# Movie Theater Revenue Optimization

Data Analytics & Predictive Modeling Project

In [None]:

import pandas as pd
import numpy as np
import matplotlib.pyplot as plt
import seaborn as sns
from sklearn.model_selection import train_test_split
from sklearn.tree import DecisionTreeClassifier
from sklearn.linear_model import LinearRegression
from sklearn.metrics import accuracy_score, confusion_matrix, mean_squared_error, r2_score

# Set random seed
np.random.seed(42)


In [None]:

# Load the dataset
df = pd.read_csv('../data/movie_theater_sales.csv')
df['Show_Date'] = pd.to_datetime(df['Show_Date'])
df.head()


## Data Overview

In [None]:

df.describe()


## Feature Engineering

In [None]:

revenue_median = df['Total_Revenue'].median()
df['High_Revenue'] = (df['Total_Revenue'] > revenue_median).astype(int)
df.head()


## Exploratory Data Analysis (EDA)

In [None]:

# Total Revenue by Show Time
plt.figure(figsize=(8,5))
sns.barplot(data=df, x='Show_Time', y='Total_Revenue', estimator=sum, ci=None, palette='coolwarm')
plt.title('Total Revenue by Show Time')
plt.xticks(rotation=45)
plt.tight_layout()
plt.show()


In [None]:

# Average Occupancy by City
plt.figure(figsize=(8,5))
sns.barplot(data=df, x='City', y='Occupancy_Rate', estimator=np.mean, ci=None, palette='muted')
plt.title('Average Occupancy Rate by City')
plt.xticks(rotation=45)
plt.tight_layout()
plt.show()


In [None]:

# Correlation Heatmap
plt.figure(figsize=(8,6))
sns.heatmap(df.corr(), annot=True, cmap='coolwarm', fmt=".2f")
plt.title('Correlation Heatmap')
plt.tight_layout()
plt.show()


## Classification Model - Decision Tree

In [None]:

feature_cols = ['Occupancy_Rate', 'Ticket_Price', 'Tickets_Sold', 'Concession_Sales']
X = df[feature_cols]
y = df['High_Revenue']

X_train, X_test, y_train, y_test = train_test_split(X, y, test_size=0.3, random_state=42)

dtree = DecisionTreeClassifier(max_depth=5, random_state=42)
dtree.fit(X_train, y_train)

y_pred = dtree.predict(X_test)
dtree_accuracy = accuracy_score(y_test, y_pred)

print(f"Decision Tree Classifier Accuracy: {dtree_accuracy:.2%}")


## Regression Model - Linear Regression

In [None]:

X_reg = df[feature_cols]
y_reg = df['Total_Revenue']

X_train_reg, X_test_reg, y_train_reg, y_test_reg = train_test_split(X_reg, y_reg, test_size=0.3, random_state=42)

regressor = LinearRegression()
regressor.fit(X_train_reg, y_train_reg)
y_pred_reg = regressor.predict(X_test_reg)
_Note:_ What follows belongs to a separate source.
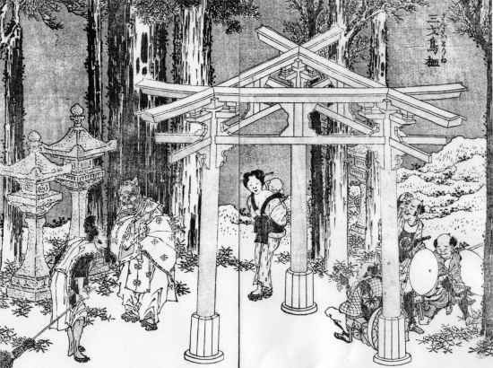 A frame from a volume 11 of the Hokusai manga (北斎漫画), by Katsushika Hokusai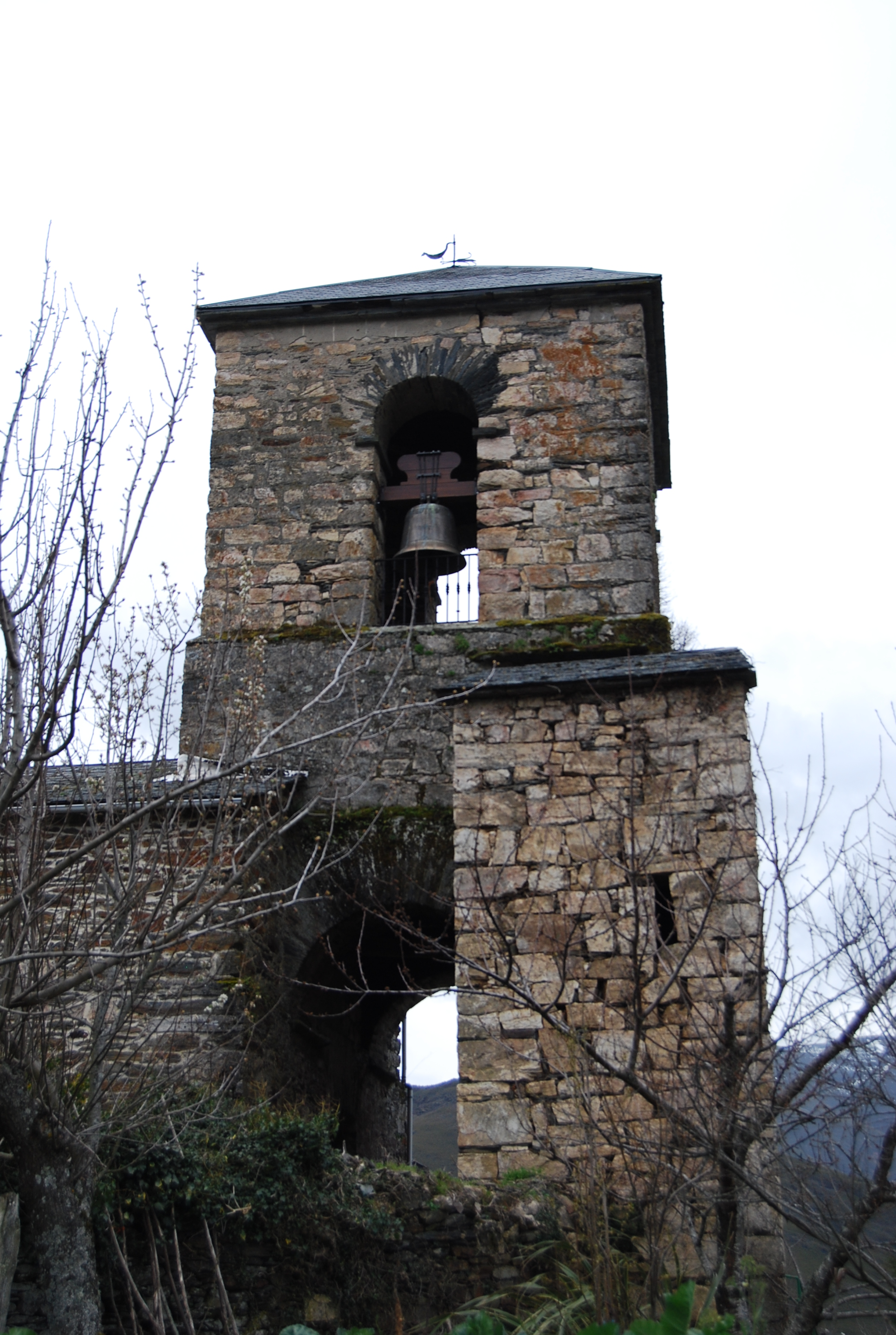 Oencia (León, Spain). Church

mse = mean_squared_error(y_test_reg, y_pred_reg)
rmse = np.sqrt(mse)
r2 = r2_score(y_test_reg, y_pred_reg)

print(f"Linear Regression RMSE: {rmse:.2f}")
print(f"Linear Regression R2 Score: {r2:.2f}")


In [None]:

# Actual vs Predicted Revenue
plt.figure(figsize=(7,5))
sns.scatterplot(x=y_test_reg, y=y_pred_reg, alpha=0.6)
plt.plot([y_test_reg.min(), y_test_reg.max()], [y_test_reg.min(), y_test_reg.max()], 'r--', lw=2)
plt.xlabel('Actual Revenue')
plt.ylabel('Predicted Revenue')
plt.title('Actual vs Predicted Revenue (Linear Regression)')
plt.tight_layout()
plt.show()


In [None]:

# Residuals distribution
residuals = y_test_reg - y_pred_reg
plt.figure(figsize=(7,5))
sns.histplot(residuals, kde=True, color='purple', bins=30)
plt.title('Distribution of Residuals (Prediction Errors)')
plt.xlabel('Error ($)')
plt.tight_layout()
plt.show()


## Final Business Recommendations


- Focus on **Evening Shows** and **IMAX screens** for maximizing revenue.
- Increase **concession sales** through promotions and upselling.
- Use **predictive models** to optimize scheduling and pricing strategies.
- Target underperforming cities for marketing efforts.